Sarebbe difficile non cogliere un nesso tra quanto predica Trump e ciò che chiedono i movimenti della destra populista che, dalla Francia alla Germania, dall’Austria all’Olanda, stanno avanzando in tutta Europa. E visto che l’unico politico europeo di governo presente all’insediamento era la nostra premier Giorgia Meloni. Soprattutto ora che Elon Musk si è assunto il ruolo di ufficiale di collegamento tra la locomotiva trumpiana e i vagoni europei, tra l’una e l’altra sponda dell’Atlantico.

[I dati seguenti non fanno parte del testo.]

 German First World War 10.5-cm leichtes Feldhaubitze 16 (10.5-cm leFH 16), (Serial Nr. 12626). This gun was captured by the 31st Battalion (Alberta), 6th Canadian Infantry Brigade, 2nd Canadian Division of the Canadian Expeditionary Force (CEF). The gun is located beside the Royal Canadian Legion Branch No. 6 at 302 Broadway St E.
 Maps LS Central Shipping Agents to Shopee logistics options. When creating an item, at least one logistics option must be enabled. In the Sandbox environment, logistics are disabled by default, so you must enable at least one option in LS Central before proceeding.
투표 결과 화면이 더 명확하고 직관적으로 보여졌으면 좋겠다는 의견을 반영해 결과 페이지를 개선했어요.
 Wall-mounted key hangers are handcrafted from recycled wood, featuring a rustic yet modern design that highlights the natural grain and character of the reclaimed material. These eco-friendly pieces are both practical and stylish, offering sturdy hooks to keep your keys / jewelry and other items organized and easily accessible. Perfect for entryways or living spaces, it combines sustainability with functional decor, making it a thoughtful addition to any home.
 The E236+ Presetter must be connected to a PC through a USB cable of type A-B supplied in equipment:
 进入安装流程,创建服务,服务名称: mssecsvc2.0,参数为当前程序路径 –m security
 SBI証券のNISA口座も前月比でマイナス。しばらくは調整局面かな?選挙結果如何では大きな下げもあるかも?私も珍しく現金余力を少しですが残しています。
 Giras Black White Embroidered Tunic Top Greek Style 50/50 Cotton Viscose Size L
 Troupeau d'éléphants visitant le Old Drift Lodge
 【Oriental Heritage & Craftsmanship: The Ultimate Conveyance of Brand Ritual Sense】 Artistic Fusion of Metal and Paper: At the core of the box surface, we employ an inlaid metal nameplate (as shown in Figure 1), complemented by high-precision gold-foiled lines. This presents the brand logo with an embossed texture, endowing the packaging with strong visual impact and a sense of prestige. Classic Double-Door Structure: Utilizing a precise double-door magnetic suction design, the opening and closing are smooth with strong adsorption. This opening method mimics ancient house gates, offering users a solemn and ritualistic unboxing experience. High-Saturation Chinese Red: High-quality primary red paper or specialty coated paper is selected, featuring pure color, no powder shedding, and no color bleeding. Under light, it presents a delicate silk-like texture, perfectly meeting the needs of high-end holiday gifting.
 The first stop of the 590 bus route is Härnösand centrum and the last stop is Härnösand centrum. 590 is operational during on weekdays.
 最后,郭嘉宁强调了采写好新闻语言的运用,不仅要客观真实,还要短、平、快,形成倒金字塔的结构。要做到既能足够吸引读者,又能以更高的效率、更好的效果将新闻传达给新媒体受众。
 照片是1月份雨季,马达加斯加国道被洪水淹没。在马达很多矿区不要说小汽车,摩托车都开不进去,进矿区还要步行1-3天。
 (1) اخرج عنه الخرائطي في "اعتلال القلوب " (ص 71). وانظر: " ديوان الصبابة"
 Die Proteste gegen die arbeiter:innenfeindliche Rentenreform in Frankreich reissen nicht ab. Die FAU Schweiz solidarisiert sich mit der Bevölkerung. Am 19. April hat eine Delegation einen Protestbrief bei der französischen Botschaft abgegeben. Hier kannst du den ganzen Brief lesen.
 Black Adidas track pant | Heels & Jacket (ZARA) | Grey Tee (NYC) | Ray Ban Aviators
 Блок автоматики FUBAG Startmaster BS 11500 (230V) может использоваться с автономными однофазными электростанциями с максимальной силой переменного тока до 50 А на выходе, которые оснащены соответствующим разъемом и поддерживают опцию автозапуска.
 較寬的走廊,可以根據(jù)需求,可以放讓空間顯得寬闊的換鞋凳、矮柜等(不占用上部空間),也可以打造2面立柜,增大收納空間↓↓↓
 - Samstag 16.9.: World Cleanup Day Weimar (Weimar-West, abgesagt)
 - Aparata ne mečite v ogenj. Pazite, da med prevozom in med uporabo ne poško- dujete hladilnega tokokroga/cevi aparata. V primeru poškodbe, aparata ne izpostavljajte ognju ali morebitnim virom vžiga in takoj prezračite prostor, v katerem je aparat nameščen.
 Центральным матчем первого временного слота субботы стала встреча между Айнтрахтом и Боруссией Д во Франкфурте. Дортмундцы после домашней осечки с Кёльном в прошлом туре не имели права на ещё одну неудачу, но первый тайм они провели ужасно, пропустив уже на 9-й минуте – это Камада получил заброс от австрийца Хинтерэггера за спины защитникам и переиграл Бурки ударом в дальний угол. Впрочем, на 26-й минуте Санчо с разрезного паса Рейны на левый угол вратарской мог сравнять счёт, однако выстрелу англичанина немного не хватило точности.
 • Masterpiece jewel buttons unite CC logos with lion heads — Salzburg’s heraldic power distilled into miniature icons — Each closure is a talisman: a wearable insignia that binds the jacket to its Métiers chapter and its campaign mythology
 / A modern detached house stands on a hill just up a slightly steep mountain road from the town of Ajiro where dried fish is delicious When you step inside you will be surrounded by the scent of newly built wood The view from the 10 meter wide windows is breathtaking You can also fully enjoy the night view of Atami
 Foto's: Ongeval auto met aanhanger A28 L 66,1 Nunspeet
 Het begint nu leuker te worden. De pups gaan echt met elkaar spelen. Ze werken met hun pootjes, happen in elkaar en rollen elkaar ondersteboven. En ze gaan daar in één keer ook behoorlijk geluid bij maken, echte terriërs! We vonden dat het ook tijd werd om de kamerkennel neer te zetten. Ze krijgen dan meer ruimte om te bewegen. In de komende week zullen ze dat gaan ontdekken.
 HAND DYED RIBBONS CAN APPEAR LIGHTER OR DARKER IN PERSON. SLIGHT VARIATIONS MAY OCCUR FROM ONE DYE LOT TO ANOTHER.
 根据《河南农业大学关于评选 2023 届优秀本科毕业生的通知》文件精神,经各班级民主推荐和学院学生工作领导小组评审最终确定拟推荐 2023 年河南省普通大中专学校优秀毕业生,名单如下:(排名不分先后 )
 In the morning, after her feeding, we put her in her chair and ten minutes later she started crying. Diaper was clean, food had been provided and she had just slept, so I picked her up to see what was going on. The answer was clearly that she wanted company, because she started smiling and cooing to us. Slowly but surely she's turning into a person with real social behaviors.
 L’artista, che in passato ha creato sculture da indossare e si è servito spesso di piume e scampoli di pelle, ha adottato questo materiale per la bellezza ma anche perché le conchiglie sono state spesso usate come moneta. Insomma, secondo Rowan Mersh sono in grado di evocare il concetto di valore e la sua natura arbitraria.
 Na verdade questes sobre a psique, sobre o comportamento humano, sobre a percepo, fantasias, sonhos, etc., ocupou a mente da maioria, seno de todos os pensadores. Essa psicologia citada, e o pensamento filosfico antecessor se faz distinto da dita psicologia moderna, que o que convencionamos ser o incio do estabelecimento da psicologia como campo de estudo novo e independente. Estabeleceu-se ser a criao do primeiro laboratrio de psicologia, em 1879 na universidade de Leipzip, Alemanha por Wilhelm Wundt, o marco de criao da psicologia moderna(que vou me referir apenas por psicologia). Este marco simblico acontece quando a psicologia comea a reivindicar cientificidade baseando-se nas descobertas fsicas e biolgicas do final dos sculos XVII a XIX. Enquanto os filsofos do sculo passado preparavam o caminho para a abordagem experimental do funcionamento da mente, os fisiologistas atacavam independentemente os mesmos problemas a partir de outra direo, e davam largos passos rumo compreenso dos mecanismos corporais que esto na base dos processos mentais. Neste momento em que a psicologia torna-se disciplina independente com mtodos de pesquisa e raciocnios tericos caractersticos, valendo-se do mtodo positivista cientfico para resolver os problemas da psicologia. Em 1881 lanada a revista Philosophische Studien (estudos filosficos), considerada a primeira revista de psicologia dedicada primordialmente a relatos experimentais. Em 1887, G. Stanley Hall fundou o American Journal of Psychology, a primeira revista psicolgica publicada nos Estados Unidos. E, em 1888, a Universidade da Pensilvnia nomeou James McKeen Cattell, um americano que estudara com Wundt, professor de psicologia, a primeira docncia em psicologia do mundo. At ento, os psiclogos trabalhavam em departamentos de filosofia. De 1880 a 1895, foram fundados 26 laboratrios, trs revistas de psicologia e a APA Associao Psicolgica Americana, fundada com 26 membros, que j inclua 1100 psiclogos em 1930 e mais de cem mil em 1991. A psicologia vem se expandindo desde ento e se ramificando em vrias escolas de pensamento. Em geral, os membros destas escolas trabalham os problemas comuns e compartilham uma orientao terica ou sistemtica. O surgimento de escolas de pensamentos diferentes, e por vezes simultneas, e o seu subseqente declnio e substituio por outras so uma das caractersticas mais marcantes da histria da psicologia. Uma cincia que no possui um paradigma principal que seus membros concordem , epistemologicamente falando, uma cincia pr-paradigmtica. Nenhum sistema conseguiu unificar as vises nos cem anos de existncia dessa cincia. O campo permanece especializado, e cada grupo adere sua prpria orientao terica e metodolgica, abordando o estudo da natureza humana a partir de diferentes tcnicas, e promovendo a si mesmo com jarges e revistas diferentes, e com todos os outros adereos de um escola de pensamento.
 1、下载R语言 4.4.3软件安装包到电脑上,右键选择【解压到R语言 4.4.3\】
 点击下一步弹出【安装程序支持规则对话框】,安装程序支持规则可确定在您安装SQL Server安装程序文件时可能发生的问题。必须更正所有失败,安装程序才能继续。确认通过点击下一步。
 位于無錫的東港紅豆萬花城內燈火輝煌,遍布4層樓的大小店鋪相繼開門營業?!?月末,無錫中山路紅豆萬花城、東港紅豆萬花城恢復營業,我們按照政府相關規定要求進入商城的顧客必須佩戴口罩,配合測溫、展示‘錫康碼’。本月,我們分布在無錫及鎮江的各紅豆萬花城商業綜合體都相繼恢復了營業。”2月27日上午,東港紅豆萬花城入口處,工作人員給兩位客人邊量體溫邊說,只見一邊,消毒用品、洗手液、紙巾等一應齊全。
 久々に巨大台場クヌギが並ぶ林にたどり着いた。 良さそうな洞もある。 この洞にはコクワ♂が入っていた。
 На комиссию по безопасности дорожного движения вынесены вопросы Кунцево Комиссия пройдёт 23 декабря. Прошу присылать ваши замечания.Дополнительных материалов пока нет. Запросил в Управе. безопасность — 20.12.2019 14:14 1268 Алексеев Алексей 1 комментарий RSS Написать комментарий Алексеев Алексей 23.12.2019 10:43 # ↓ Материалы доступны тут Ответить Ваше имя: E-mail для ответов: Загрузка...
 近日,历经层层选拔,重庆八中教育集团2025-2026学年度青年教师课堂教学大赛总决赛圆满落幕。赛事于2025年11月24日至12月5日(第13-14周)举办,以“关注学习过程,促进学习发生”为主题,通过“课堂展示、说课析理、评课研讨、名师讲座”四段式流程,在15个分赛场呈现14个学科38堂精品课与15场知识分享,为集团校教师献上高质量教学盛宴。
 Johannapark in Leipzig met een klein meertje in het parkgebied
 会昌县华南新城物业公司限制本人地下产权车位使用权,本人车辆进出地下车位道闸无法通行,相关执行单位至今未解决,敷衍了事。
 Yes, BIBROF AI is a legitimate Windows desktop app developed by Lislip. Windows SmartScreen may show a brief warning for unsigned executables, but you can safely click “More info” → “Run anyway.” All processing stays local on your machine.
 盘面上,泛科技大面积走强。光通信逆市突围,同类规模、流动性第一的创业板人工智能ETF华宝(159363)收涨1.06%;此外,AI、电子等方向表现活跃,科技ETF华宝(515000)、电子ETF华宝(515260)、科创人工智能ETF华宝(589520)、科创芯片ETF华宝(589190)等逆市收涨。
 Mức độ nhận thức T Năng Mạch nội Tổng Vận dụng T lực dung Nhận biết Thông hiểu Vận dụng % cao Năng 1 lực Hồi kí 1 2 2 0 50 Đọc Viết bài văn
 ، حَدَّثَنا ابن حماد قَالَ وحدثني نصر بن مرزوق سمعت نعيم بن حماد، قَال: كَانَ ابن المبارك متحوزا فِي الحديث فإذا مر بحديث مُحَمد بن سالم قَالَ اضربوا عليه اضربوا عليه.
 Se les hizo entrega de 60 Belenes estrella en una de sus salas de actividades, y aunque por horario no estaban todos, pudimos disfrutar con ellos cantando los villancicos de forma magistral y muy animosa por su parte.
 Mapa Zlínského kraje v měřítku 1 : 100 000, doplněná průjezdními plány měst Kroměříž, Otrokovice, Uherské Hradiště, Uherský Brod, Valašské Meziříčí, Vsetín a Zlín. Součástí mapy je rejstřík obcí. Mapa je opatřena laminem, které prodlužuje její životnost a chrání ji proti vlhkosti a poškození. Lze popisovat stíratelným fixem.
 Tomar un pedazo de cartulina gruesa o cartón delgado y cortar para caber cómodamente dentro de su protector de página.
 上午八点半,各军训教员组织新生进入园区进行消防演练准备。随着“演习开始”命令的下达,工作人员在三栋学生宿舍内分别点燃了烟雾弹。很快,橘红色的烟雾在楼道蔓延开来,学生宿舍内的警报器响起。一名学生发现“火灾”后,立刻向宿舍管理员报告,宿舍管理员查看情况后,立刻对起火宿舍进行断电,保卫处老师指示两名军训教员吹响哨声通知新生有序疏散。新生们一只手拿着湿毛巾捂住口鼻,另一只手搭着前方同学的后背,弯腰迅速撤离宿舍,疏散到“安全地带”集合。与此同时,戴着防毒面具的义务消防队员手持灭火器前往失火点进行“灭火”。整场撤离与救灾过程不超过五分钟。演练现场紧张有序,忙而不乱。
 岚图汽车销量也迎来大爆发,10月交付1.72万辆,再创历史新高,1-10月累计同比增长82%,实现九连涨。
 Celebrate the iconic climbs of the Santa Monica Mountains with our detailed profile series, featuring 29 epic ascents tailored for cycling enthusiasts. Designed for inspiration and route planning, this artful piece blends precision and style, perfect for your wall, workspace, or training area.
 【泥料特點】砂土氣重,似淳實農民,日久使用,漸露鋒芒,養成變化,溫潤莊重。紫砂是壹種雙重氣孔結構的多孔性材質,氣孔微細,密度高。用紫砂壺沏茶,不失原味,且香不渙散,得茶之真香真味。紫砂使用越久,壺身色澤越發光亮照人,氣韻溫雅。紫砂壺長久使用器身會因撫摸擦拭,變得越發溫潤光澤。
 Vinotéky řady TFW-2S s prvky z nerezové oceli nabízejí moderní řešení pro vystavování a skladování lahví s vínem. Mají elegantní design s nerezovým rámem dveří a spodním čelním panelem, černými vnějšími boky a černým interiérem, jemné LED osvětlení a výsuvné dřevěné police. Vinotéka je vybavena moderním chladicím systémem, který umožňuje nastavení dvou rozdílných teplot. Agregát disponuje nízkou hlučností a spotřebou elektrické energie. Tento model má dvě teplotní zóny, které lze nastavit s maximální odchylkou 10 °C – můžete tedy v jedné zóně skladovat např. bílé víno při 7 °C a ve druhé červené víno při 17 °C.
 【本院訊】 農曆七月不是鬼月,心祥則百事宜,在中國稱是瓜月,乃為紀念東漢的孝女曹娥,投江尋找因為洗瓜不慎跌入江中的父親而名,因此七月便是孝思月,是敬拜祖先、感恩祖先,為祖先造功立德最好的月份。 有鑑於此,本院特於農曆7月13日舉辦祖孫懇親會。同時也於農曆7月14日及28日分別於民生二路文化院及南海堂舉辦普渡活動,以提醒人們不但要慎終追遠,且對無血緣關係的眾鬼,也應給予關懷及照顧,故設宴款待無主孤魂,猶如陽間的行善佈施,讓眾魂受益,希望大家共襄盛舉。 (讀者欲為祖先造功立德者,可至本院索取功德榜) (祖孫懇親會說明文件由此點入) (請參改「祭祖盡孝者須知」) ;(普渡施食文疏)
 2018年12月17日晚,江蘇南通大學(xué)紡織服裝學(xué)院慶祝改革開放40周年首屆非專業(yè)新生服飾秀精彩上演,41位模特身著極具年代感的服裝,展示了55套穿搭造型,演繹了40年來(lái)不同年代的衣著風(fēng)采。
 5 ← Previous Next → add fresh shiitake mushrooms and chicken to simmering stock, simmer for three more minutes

È stato fin troppo facile, durante il quadriennio 2016-2020, trattare Trump da pasticcione incapace. Solo il 6% dei funzionari da lui nominati sono arrivati alla fine del mandato, 14 ministri si sono dimessi in corso d’opera (record di ogni tempo per gli Usa), quattro Consiglieri per la sicurezza nazionale sono stati avvicendati. E poi la disastrosa gestione del Covid. Ma l’economia funzionava a pieno ritmo ed era già stato il democratico Bill Clinton a dire «It’s the economy, stupid», per spiegare quanto conti il portafoglio al momento di votare. Questo secondo mandato, che promette di essere anche più “violento” del primo, è peraltro cominciato con l’influenza decisiva di Trump nella stipula della tregua a Gaza. Ennesima dimostrazione di quanto il personaggio The Donald sia difficile da decifrare e, come ben sanno i democratici, da fermare.